Reading In Front of the Kids, Not Just With Them

by GfG on January 29, 2014 · 6 comments

15 Flares Twitter 1 Facebook 8 Pin It Share 3 Email -- Google+ 3 15 Flares ×

I have a funny story…. so, sweet Esther was reading her new favorite book series next to me in bed one day when she looked at me and asked, “Mama, have you ever read a whole book?”

Yes, of course, sweetie.  Lots of them.

Moh-um.  I mean it.  A whole book.

(insert my shocked and questioning face here)  Yes!!  I have.  Lots!

(insert her tilted head and smirking smile… that turns into a serious dubious look with raised eyebrows)

The stinker didn’t believe me!!  I was beyond shocked.

How in the world could she possibly think I had never read an entire book?!  I was bummed.  Paul was entertained.

I realized that though I have read many read loud novels to her, she hasn’t realized when I’ve been reading for pleasure.   And it matters that she realize I am doing it.

{OH, for Pete’s sake… while I was typing this up, Esther sat next to me again, so I asked her, “Remember when I was reading that loooong book on my Kindle when we went to the beach?  And I cried when it ended?”  Again she says, “A whole book?”  THEN Paul Louis chimed in, “Mama, a whole book…. by yourself?!”

Clearly read alouds are the kids assisting me with a book and doesn’t count as me reading a book by myself.  Which makes a little sense because I wouldn’t count it for them either.}

I didn’t matter that I read all of Les Miserables while we together on two beach trips.  Or that I read L’Abri, and wept.  Or that this fall I read The Book Thief, and bawled.  Or that I have a stack of books consistently on (or in) my nightstand.

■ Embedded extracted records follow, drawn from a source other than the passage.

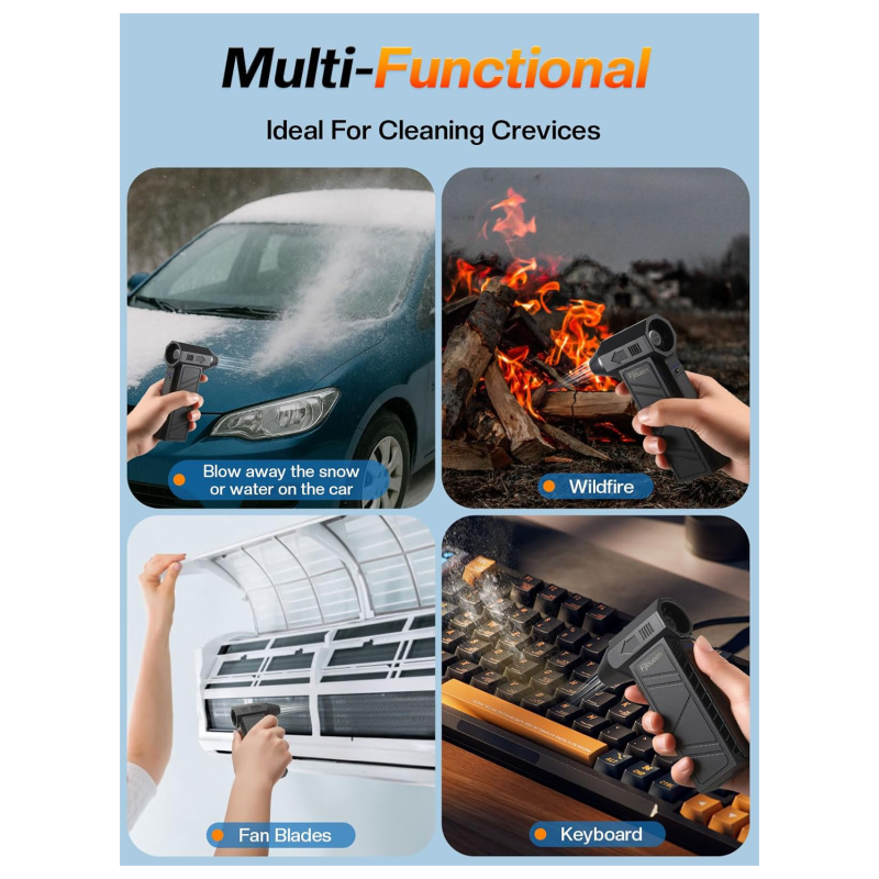 多功能风扇空气除尘器-适用于汽车、房屋、电脑键盘和户外使用的暴力风扇;4速可调式风力干燥、除尘、鼓风和吸气130000RPM
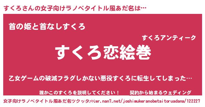 | 男性向けラノベタイトル風あだ名 | 『ノーゲーム・ノースクロ』 |
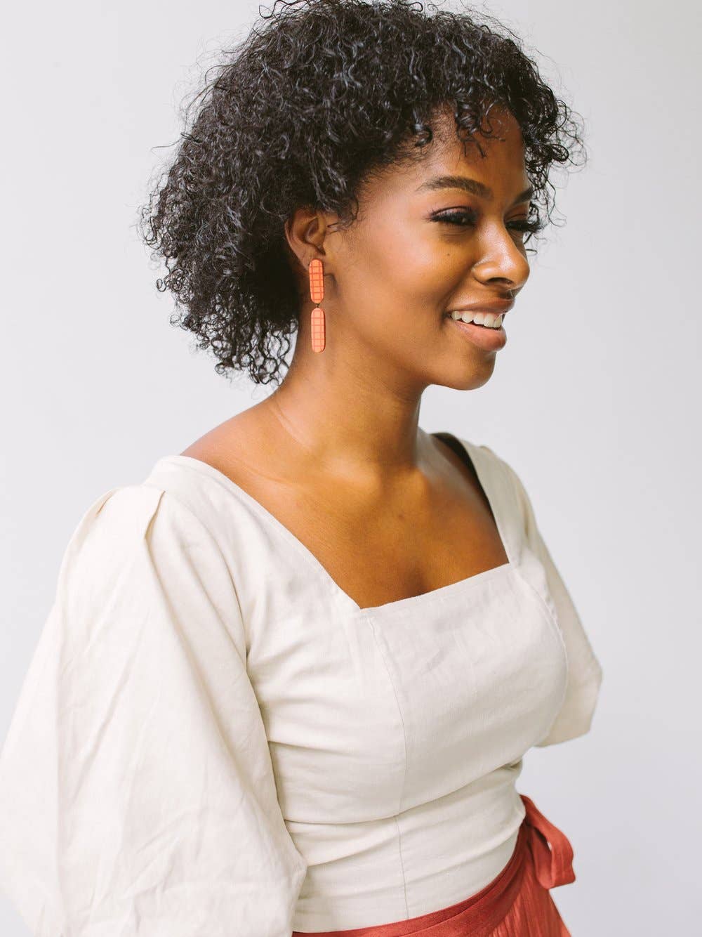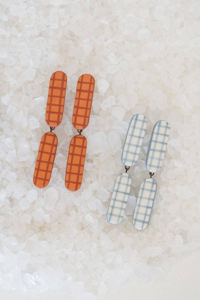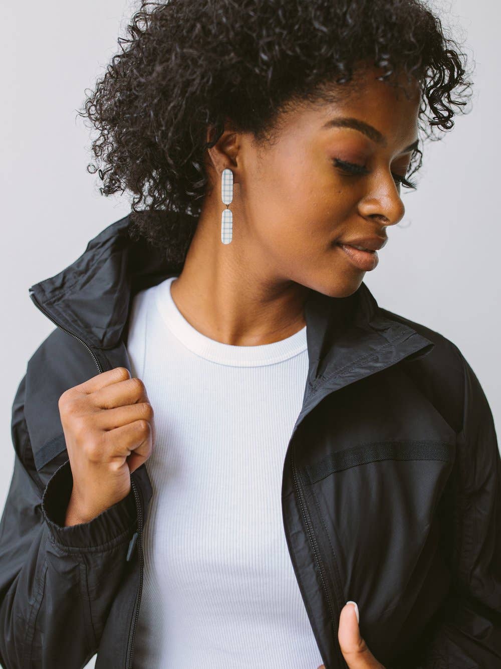 The Double Link Earrings bring double the tonal playfulness for the artful you! The modern design is brought together with classic pinstripes and monochromatic plaid glazes. Pair with your favorite jeans and classic tee for an artful touch!
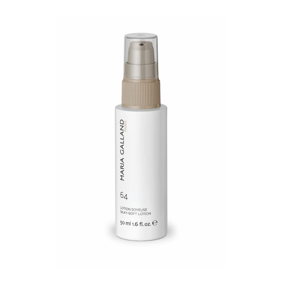 64 Lotion Soyeuse – viena perkamiausių „Maria Galland“ priemonių, išsiskirianti intensyviu drėkinimu ir prabangia tekstūra. Dėl savo išskirtinės, tirštos, į serumą panašios konsistencijos losjonas tepamas tiesiai ant veido, nenaudojant vatos padelio. Jis atgaivina odą, padeda išlaikyti drėgmės balansą ir stiprina apsauginį barjerą, palikdamas ją švelnią, sudrėkintą ir švytinčią.

The deal is, I didn’t take the time to make sure she noticed me reading.  The odd part about all of this was that when I taught deaf children in the public school, I implemented a sustained quiet reading time every day and I read too.  I knew it was important that they saw an adult reading for pleasure.

View #3 WEB

Why is it important for children to see adults they admire reading? 

Well, there is the practice what you preach gig, of course.  If I tell my kids that reading is good for the brain, important, and a great habit, then I should demonstrate that.   Kids have much more free time, of course, but a good habit is a good habit.  Even if it’s a ten minute habit.

Then there is the whole encouragement aspect.  If kids want to be encouraged to read, the best encouragement is modeling by the ones they love the most.

Parental pleasure reading can also intrigue the hesitant reader.  I’ve been known to read a children’s book that I believe my hesitant reader would just love, in front of them.  I grin.  I sigh.  I giggle.  I swoon.  It has worked.  “Hey, could I read that when you are done?”

If I used the reason of not enough time, then I could be encouraging the belief that busy people can’t or don’t read.  This just isn’t true.  We all know it’s about priorities.  Again,even  ten minutes is something.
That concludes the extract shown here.